- Opening Delimiter -
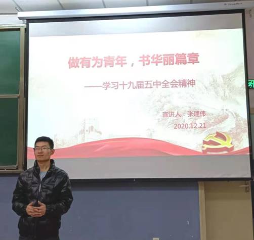 (通讯员 张建伟 周蕾)2020年12月21日19时,304永利集团唯一于北校区阶梯教室305进行了十九届五中全会精神宣讲活动,并取得圆满成功。此次宣讲会的宣讲人为研究生支部书记张建伟,主题为“做有为青年,书华丽篇章”。304永利集团唯一全体党员、发展对象以及积极分子参加了此次学习活动,并于会后积极发表感言和收获。
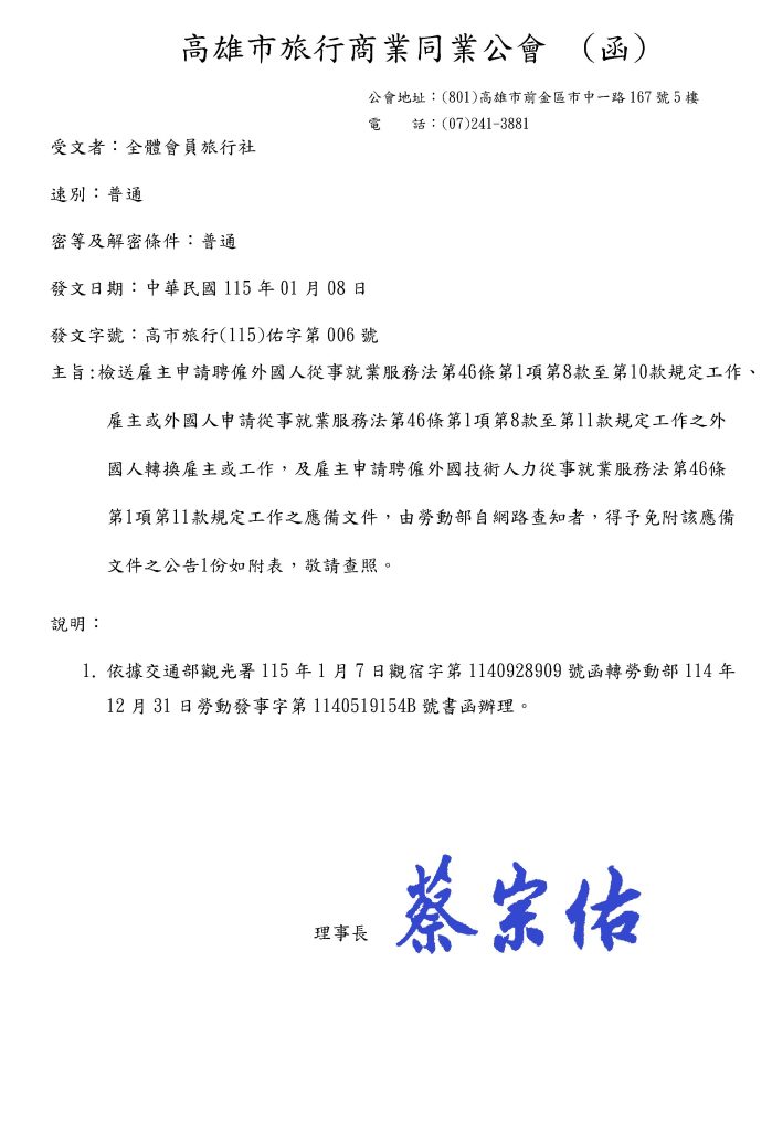 檢送雇主申請聘僱外國人從事就業服務法第46條第1項第8款至第10款規定工作、雇主或外國人申請從事就業服務法第46條第1項第8款至第11款規定工作之外國人轉換雇主或工作,及雇主申請聘僱外國技術人力從事就業服務法第46條第1項第11款規定工作之應備文件,由勞動部自網路查知者,得予免附該應備文件之公告1份如附表,敬請查照。
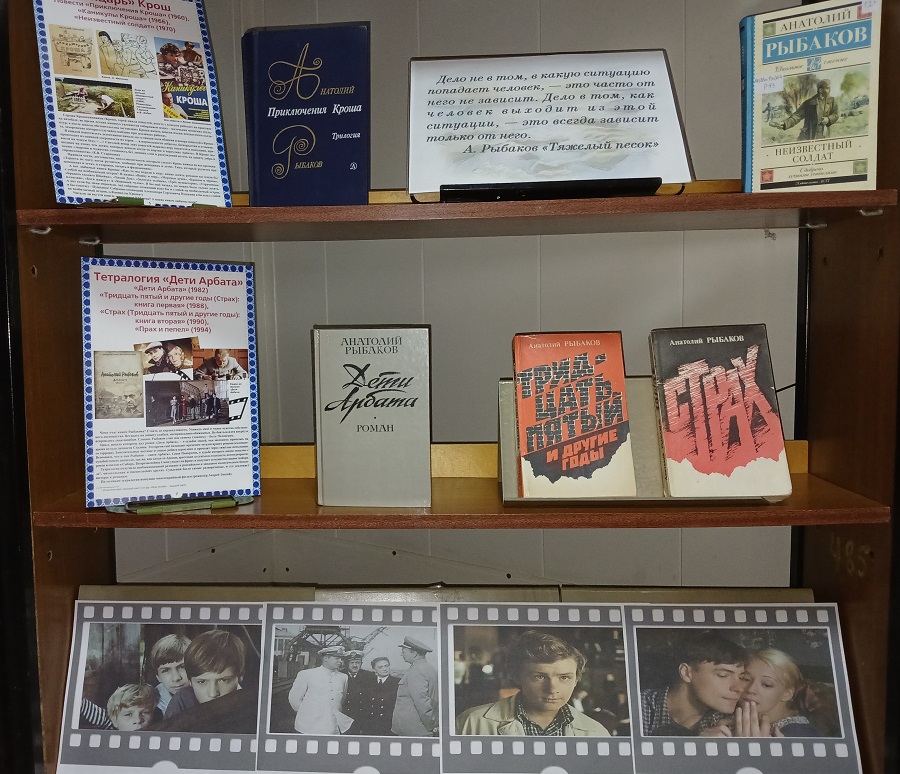 Всех, кто хочет познакомиться с жизнью и творчеством А. Рыбакова, приглашаем в читальный зал библиотеки на выставку «Анатолий Рыбаков: судьба и время»
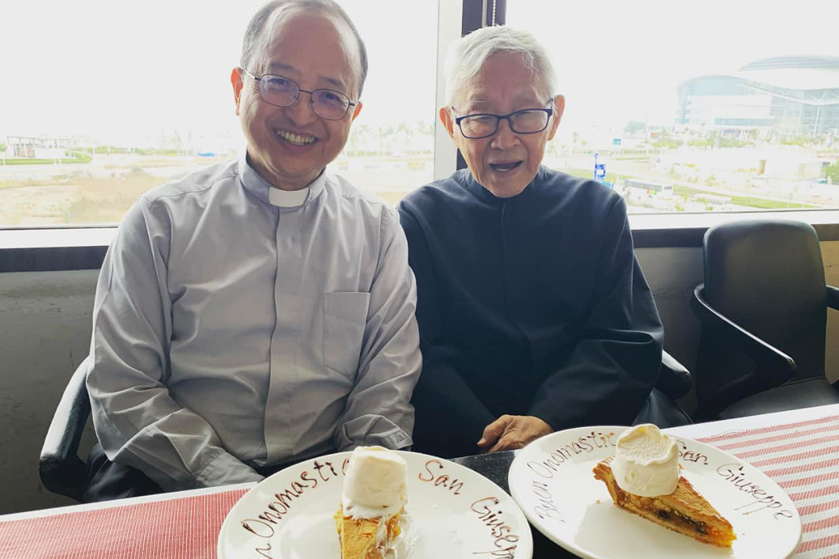 陳日君昨晚發文,祝大家聖若瑟節快樂,並感謝各位的祝賀和關心,貼文的照片顯示他面帶笑容與慈幼會中華會省省會長吳志源神父合照,面前有一份甜品。
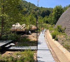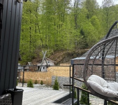 Уютные домики, с панорамным видом на горы , чисто, есть все необходимое (не хватило зубных щеток, зубной пасты и халатов)
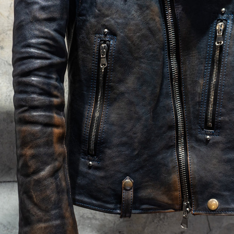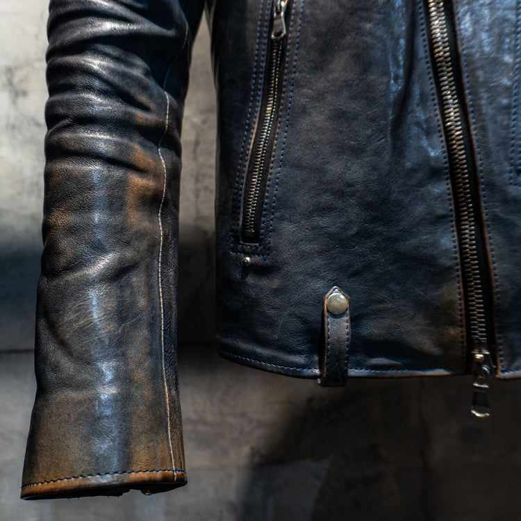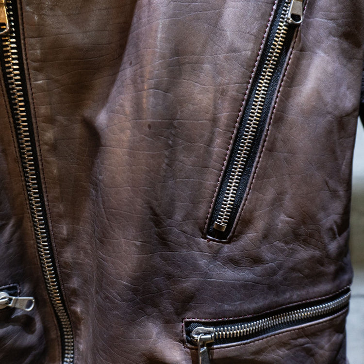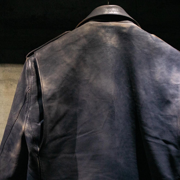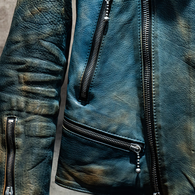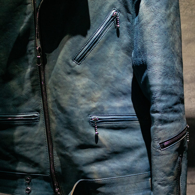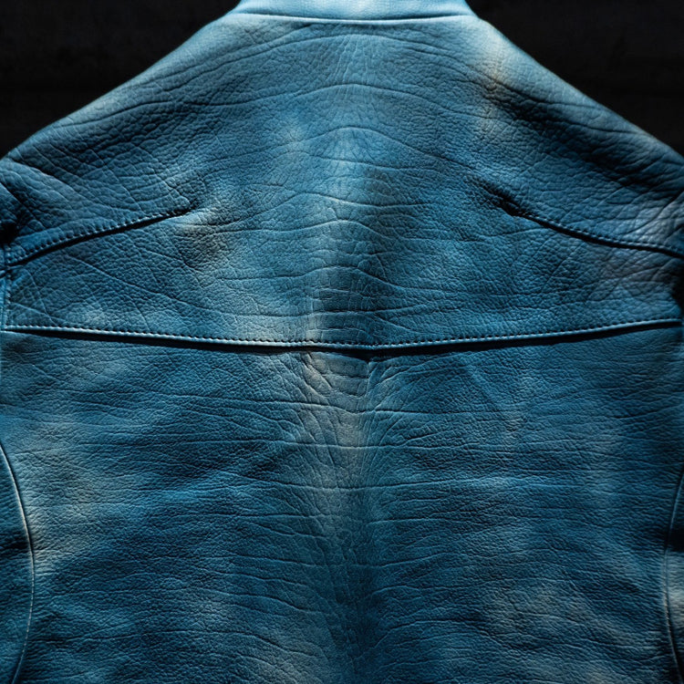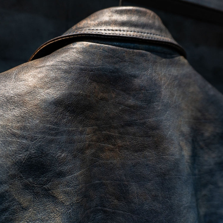 STRUMのレザーは食用の副産物の皮から作られ、人間が生きるために命を頂いた動物たちの皮も無駄にせず、動物への感謝も込めて一点一点丹精込めて作る、という理念が現れたかのような色合いになり、全てを包括する母なる地球に対する感謝を再認識させてくれた革ジャン。
- Closing Delimiter -
DIRECTIONS FOR THIS TASK » Return the material word for word. Pictures are not part of the copy.

SOLUTION »
 (通讯员 张建伟 周蕾)2020年12月21日19时,304永利集团唯一于北校区阶梯教室305进行了十九届五中全会精神宣讲活动,并取得圆满成功。此次宣讲会的宣讲人为研究生支部书记张建伟,主题为“做有为青年,书华丽篇章”。304永利集团唯一全体党员、发展对象以及积极分子参加了此次学习活动,并于会后积极发表感言和收获。
 檢送雇主申請聘僱外國人從事就業服務法第46條第1項第8款至第10款規定工作、雇主或外國人申請從事就業服務法第46條第1項第8款至第11款規定工作之外國人轉換雇主或工作,及雇主申請聘僱外國技術人力從事就業服務法第46條第1項第11款規定工作之應備文件,由勞動部自網路查知者,得予免附該應備文件之公告1份如附表,敬請查照。
 Всех, кто хочет познакомиться с жизнью и творчеством А. Рыбакова, приглашаем в читальный зал библиотеки на выставку «Анатолий Рыбаков: судьба и время»
 陳日君昨晚發文,祝大家聖若瑟節快樂,並感謝各位的祝賀和關心,貼文的照片顯示他面帶笑容與慈幼會中華會省省會長吳志源神父合照,面前有一份甜品。
 Уютные домики, с панорамным видом на горы , чисто, есть все необходимое (не хватило зубных щеток, зубной пасты и халатов)
 STRUMのレザーは食用の副産物の皮から作られ、人間が生きるために命を頂いた動物たちの皮も無駄にせず、動物への感謝も込めて一点一点丹精込めて作る、という理念が現れたかのような色合いになり、全てを包括する母なる地球に対する感謝を再認識させてくれた革ジャン。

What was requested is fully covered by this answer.